Anyone did this before? I'm doing this for the first time in September and would like some inputs on how I should train for all that climbing (over 6K) and what are the weather conditions like there? It seem pretty wet from the pictures that I seen?


----------



## CHL (Jun 24, 2005)

Hi Marcus75:

Are you doing the full 100 miles or the 100 kilometers? I rode the 100k a few years back and it was a wonderful ride with great support. The 100k starts at Squaw Valley, rides up Hwy 89 and then onto Donner Pass Road. Climb Donner Pass Road to the Sugar Bowl Ski resort. Take your time on the climb and you'll be treated to some spectacular views of the Sierras. You will then enjoy one of the fastest descent into Cisco Grove. Enjoy a hearty lunch and relax. You'll ride back in the exact same direction. 

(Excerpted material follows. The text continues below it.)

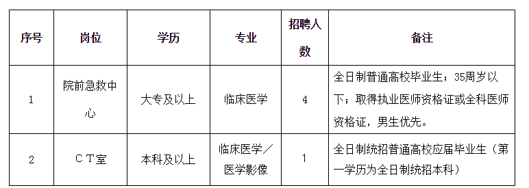 根據(jù)我院工作發(fā)展需要,我院CT室及120急救中心擬招聘工作人員5名,具體事項(xiàng)如下: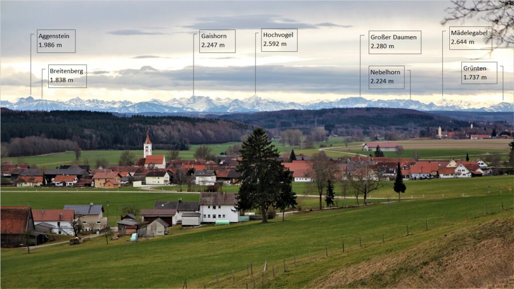 In der Bildmitte befindet sich das Dorf Westernach (Standort der Ferienwohnung). Dahinter beginnt die hügelige Allgäuer Landschaft mit Wäldern und Wiesen. Am Horizont erscheinen die Allgäuer Berge.

Remember what allowed you that ridiculously fun descent? Yeah, you'll climb back over that!!! It's a steady climb that easily achievable if you don't over exert yourself. Ride back down Hwy 35 to Donner Lake (this is a technical descent with many switchbacks). Don't go too crazy with ultra high tire pressure, Hwy 89 doesn't have the smoothest pavement. If you come from sea level, then please arrive a day early to acclimate yourself to the altitude. The thin air will hit your immediately when you exert yourself.

I rather enjoyed this ride. You can stay at the Squaw Valley Lodge, adjacent to the primary resort. It's a little less expensive but it's not "inexpensive at over $150 a night." I believe the Rib BBQ cook off at the Nugget Casino in Reno takes place simultaneously. After a hard ride, drive to Reno and treat yourself to some of the best ribs in the world.

C.


----------



## Marcus75 (Feb 17, 2004)

Thanks for the input! That's a good point about the altitude!


----------



## vontress (Jul 19, 2009)

I ride there a few times a year and I find altitude gets tough at about 6k feet and gets rougher as you go. To me I never find it shockingly different. The weather can vary,but usually cold mornings and beautiful days. You. Are in for a treat. Enjoy


----------